Unoriginal Thoughts on Appellate Procedure
Earlier this week, the Wisconsin Supreme Court issued its decision in State ex rel. Ozanne v. Fitzgerald and State ex rel. Huebsch v. Circuit Court for Dane County. The decision has rightly generated a good bit of commentary about open government, separation of powers, etc. My goal here is to clarify a very limited but important point of Wisconsin appellate procedure.
The issues in the decision came to the court in two ways: an appeal from a temporary order that had been certified by the Wisconsin Court of Appeals and a petition for a supervisory writ filed by Secretary Huebsch. The two cases were combined for briefing and oral argument. The majority’s order denied the certification, granted the petition for a supervisory writ, and then decided the issues contained in the petition for the writ.

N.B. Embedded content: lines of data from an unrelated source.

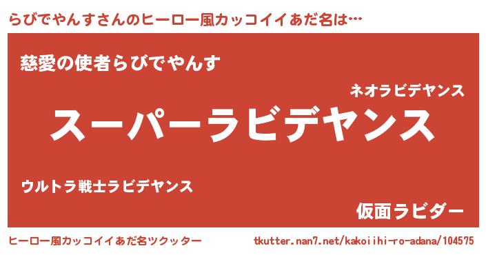 | 男性向けラノベタイトル風あだ名 | 『らびでやんすの憂鬱』 |
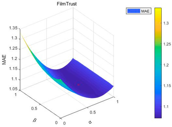 It is assumed that relationship meets the condition, so relationship will be introduced in a matrix factorization algorithm. When and take different values, the MAE value changes in the Epinions and FilmTrust datasets are shown in Figure 9 and Figure 10, respectively.
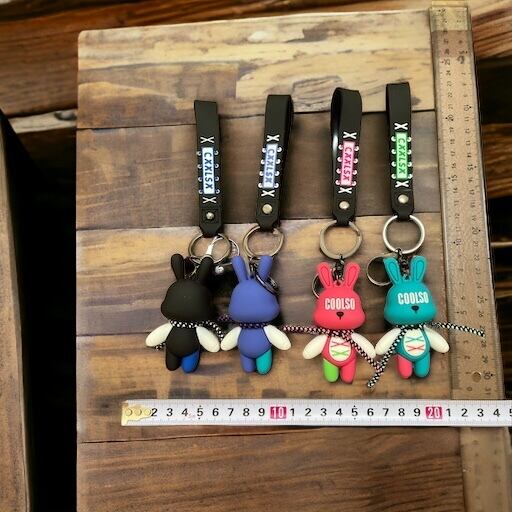 かわいらしいうさぎの形をしたラバーキーホルダーが登場!大きめサイズで存在感抜群の可愛いデザインは、家族や友達、恋人とお揃いで楽しむのにぴったりです。4色展開で選ぶ楽しさもありますね。

In the court’s order, the majority refers to the writ request as a “petition for supervisory/original jurisdiction” (¶ 2) and a “petition for original action” (¶7). In his concurrence, Justice Prosser refers to the writ request as an “original action” which “satisfies several of the court’s criteria for an original action publici juris” (¶19).
Chief Justice Abrahamson, in her writing, will have none of this (¶¶97-101). She notes that the majority order “mistakenly asserts” that a “’petition for supervisory/original jurisdiction” was filed by Huebsch “pursuant to Wis. Stat. §§ (Rules) 809.70 and 809.71,” when in fact the Huebsch petition only references 809.71.